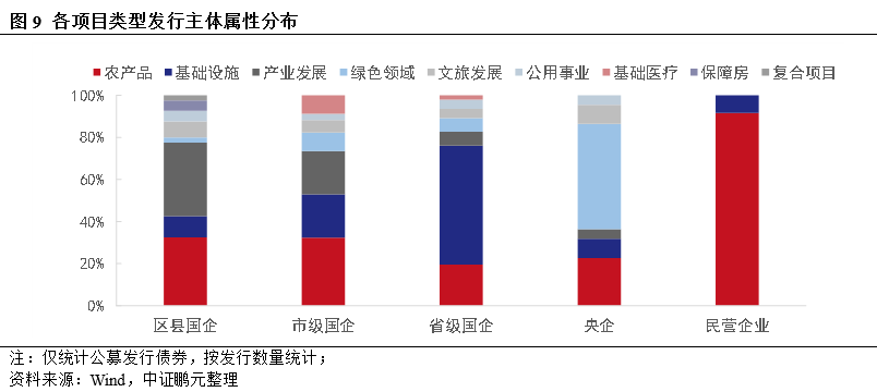 結(jié)合企業(yè)屬性來(lái)看:第一,區(qū)縣國(guó)企。主要承擔(dān)產(chǎn)業(yè)園區(qū)建設(shè)、農(nóng)貿(mào)市場(chǎng)以及公用事業(yè)項(xiàng)目。此類項(xiàng)目,建設(shè)難度相對(duì)較低,但對(duì)運(yùn)營(yíng)的要求較高,需要關(guān)注運(yùn)營(yíng)期的預(yù)期收入情況。第二,市級(jí)國(guó)企。主要承接農(nóng)產(chǎn)品收儲(chǔ),其次,是公路建設(shè)和產(chǎn)業(yè)園區(qū),其中公路建設(shè)以償還相關(guān)債務(wù)為主。第三,省級(jí)國(guó)企。主要負(fù)責(zé)高速公路建設(shè),其次是農(nóng)產(chǎn)品收儲(chǔ)。第四,央企。主要承接綠色領(lǐng)域項(xiàng)目,主要包括太陽(yáng)能、風(fēng)力發(fā)電等新能源項(xiàng)目,其次是農(nóng)產(chǎn)品收儲(chǔ)、流通,主要是農(nóng)業(yè)產(chǎn)業(yè)化龍頭企業(yè),例如,中糧集團(tuán)、蒙牛等。第五,民營(yíng)企業(yè),主要是農(nóng)業(yè)產(chǎn)業(yè)化龍頭企業(yè),例如,新希望、金龍魚(yú)、伊利,以及德邦,募集資金用于農(nóng)產(chǎn)品收購(gòu)和物流建設(shè)。
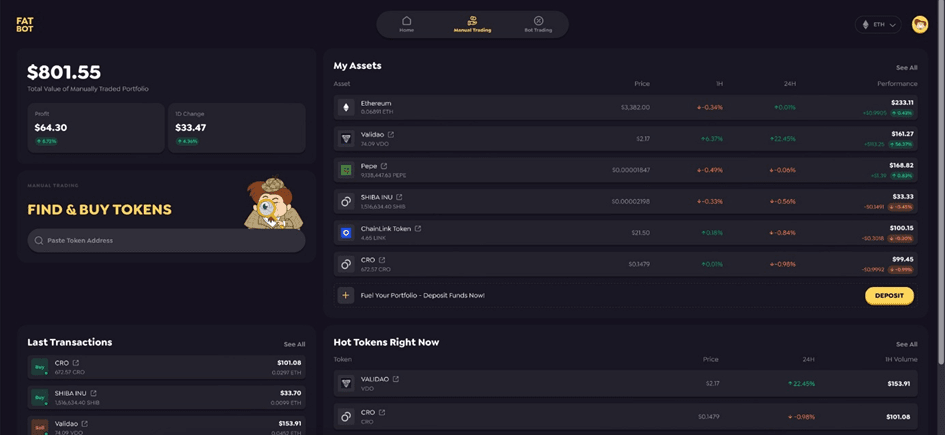 Jak již vidíte z úvodu, FatBot nabízí skutečně impozantní škálu funkcí. A není divu – je to all-in-one obchodní platforma na blockchainu. Pokud chcete operovat v on-chain prostředí, obvykle potřebujete používat více platforem a aplikací pro různé úkoly. Ale díky FatBot je to nyní minulostí.
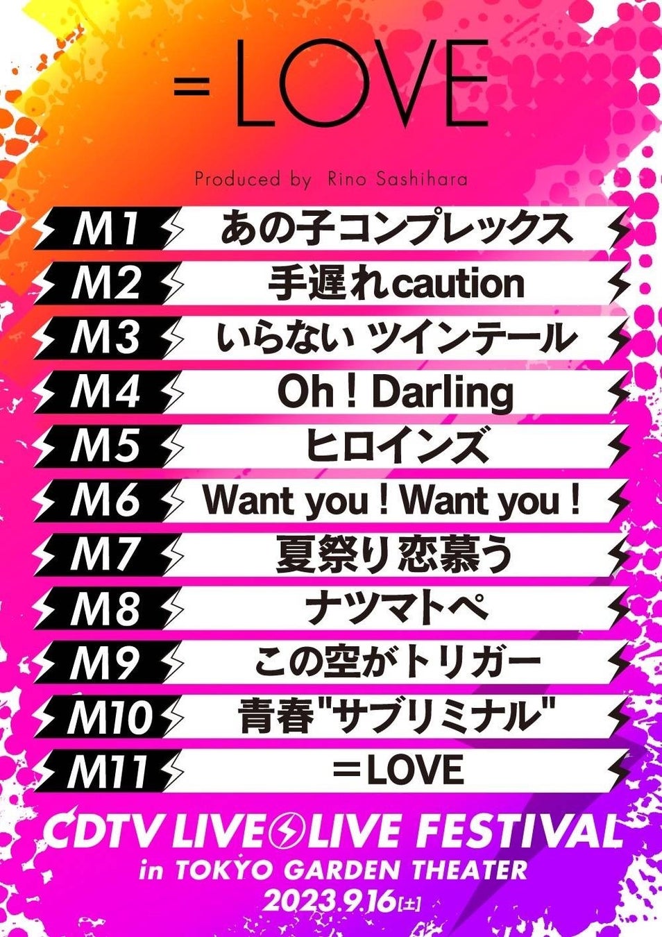 TBSで毎週月曜日の夜に生放送している『CDTVライブ!ライブ!』。一昨年、昨年に引き続き、3回目となる「番組」×「アーティスト」×「観客」が一体となるスペシャルライブステージ「CDTVライブ!ライブ!フェスティバル2023」が本日、東京ガーデンシアターにて開催され(イベントは、9/16~9/18 3days開催)、=LOVEが初出演を果たした。
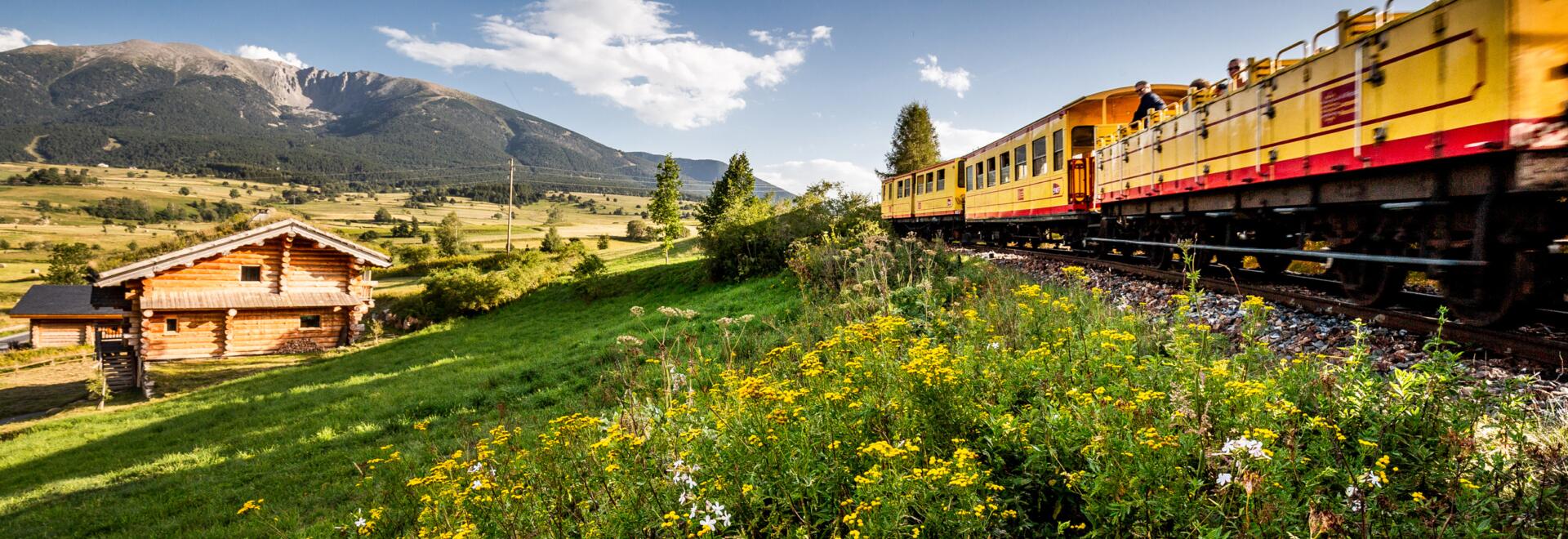 Le petit train jaune sillonne la région de la Cerdagne. Cette haute plaine est appréciée des randonneurs pour ses paysages sauvages, ses lacs et stations de ski. À bord du « Petit Train », on peut apercevoir des villages typiques du Haut-Conflent et plusieurs massifs des Pyrénées orientales : Canigou, Cambre d’Aze, Carlit et Puigmal.

### REQUIRED ACTION:
Every line from the one containing "TBSで毎週月曜日の夜に生放" to the last line of the material must be returned exactly. Leave out any pictures.

### YOUR RESPONSE:
 TBSで毎週月曜日の夜に生放送している『CDTVライブ!ライブ!』。一昨年、昨年に引き続き、3回目となる「番組」×「アーティスト」×「観客」が一体となるスペシャルライブステージ「CDTVライブ!ライブ!フェスティバル2023」が本日、東京ガーデンシアターにて開催され(イベントは、9/16~9/18 3days開催)、=LOVEが初出演を果たした。
 Le petit train jaune sillonne la région de la Cerdagne. Cette haute plaine est appréciée des randonneurs pour ses paysages sauvages, ses lacs et stations de ski. À bord du « Petit Train », on peut apercevoir des villages typiques du Haut-Conflent et plusieurs massifs des Pyrénées orientales : Canigou, Cambre d’Aze, Carlit et Puigmal.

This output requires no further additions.